▶ _How to complete this task_
Beginning with the line that contains "9044 DT • LADIES / DAMES", retype the entries below exactly, ending with the line that contains "Poster used in". Leave out any pictures.

▶ _Stored data entries_
= Beginning of Section =
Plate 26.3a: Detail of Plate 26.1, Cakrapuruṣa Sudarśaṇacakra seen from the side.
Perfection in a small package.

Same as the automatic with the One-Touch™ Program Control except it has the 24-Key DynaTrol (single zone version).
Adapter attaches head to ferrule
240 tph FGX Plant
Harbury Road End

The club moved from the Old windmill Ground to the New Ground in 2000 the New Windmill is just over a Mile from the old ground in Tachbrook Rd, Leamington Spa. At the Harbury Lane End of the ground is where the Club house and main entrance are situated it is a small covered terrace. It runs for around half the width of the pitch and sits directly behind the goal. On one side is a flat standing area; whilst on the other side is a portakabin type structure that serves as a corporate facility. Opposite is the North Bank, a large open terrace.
= End of Section =
= Beginning of Section =
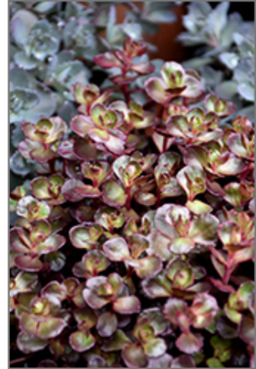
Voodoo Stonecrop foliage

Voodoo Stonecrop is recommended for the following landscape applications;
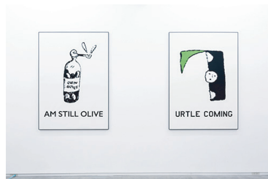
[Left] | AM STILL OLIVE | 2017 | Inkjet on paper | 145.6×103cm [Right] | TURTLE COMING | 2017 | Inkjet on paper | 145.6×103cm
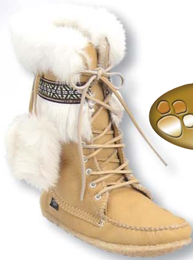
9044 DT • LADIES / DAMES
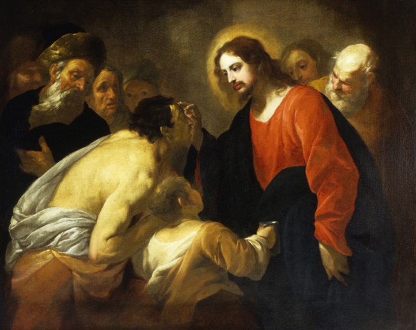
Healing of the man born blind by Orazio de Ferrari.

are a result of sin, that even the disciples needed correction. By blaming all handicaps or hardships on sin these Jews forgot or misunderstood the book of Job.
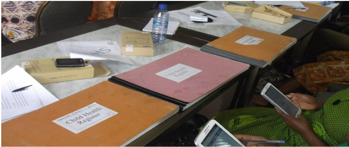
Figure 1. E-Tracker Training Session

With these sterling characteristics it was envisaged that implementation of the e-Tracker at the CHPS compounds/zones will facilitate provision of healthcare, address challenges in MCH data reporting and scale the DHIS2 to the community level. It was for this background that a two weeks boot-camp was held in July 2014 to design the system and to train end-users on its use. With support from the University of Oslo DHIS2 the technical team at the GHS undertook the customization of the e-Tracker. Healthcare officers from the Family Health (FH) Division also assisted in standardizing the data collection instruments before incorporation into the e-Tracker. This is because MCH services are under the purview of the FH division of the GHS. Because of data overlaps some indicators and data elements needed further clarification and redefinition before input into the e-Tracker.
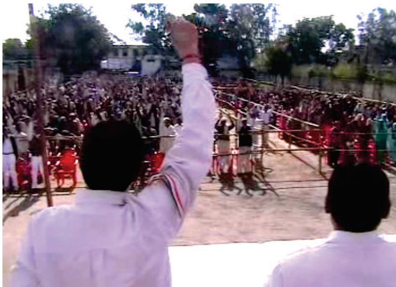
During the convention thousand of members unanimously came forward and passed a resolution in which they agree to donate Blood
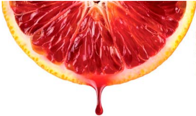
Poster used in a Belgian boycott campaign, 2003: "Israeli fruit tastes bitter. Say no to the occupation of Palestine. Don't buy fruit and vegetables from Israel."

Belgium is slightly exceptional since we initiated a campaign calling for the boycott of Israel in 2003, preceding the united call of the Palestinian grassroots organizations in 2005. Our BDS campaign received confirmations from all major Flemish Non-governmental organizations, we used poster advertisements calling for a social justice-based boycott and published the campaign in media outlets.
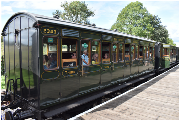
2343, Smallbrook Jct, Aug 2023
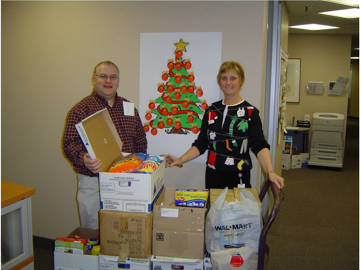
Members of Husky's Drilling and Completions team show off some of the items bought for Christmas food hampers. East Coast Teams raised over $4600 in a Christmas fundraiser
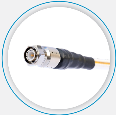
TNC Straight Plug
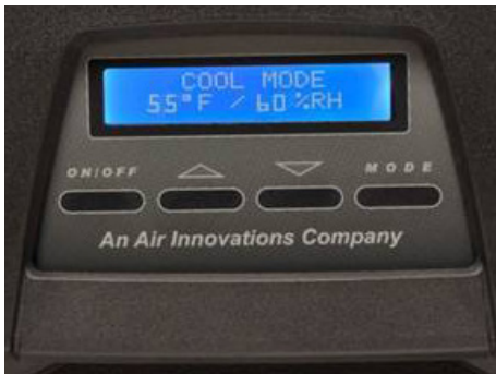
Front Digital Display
= End of Section =
▶ _Response area_
9044 DT • LADIES / DAMES
Healing of the man born blind by Orazio de Ferrari.

are a result of sin, that even the disciples needed correction. By blaming all handicaps or hardships on sin these Jews forgot or misunderstood the book of Job.
Figure 1. E-Tracker Training Session

With these sterling characteristics it was envisaged that implementation of the e-Tracker at the CHPS compounds/zones will facilitate provision of healthcare, address challenges in MCH data reporting and scale the DHIS2 to the community level. It was for this background that a two weeks boot-camp was held in July 2014 to design the system and to train end-users on its use. With support from the University of Oslo DHIS2 the technical team at the GHS undertook the customization of the e-Tracker. Healthcare officers from the Family Health (FH) Division also assisted in standardizing the data collection instruments before incorporation into the e-Tracker. This is because MCH services are under the purview of the FH division of the GHS. Because of data overlaps some indicators and data elements needed further clarification and redefinition before input into the e-Tracker.
During the convention thousand of members unanimously came forward and passed a resolution in which they agree to donate Blood
Poster used in a Belgian boycott campaign, 2003: "Israeli fruit tastes bitter. Say no to the occupation of Palestine. Don't buy fruit and vegetables from Israel."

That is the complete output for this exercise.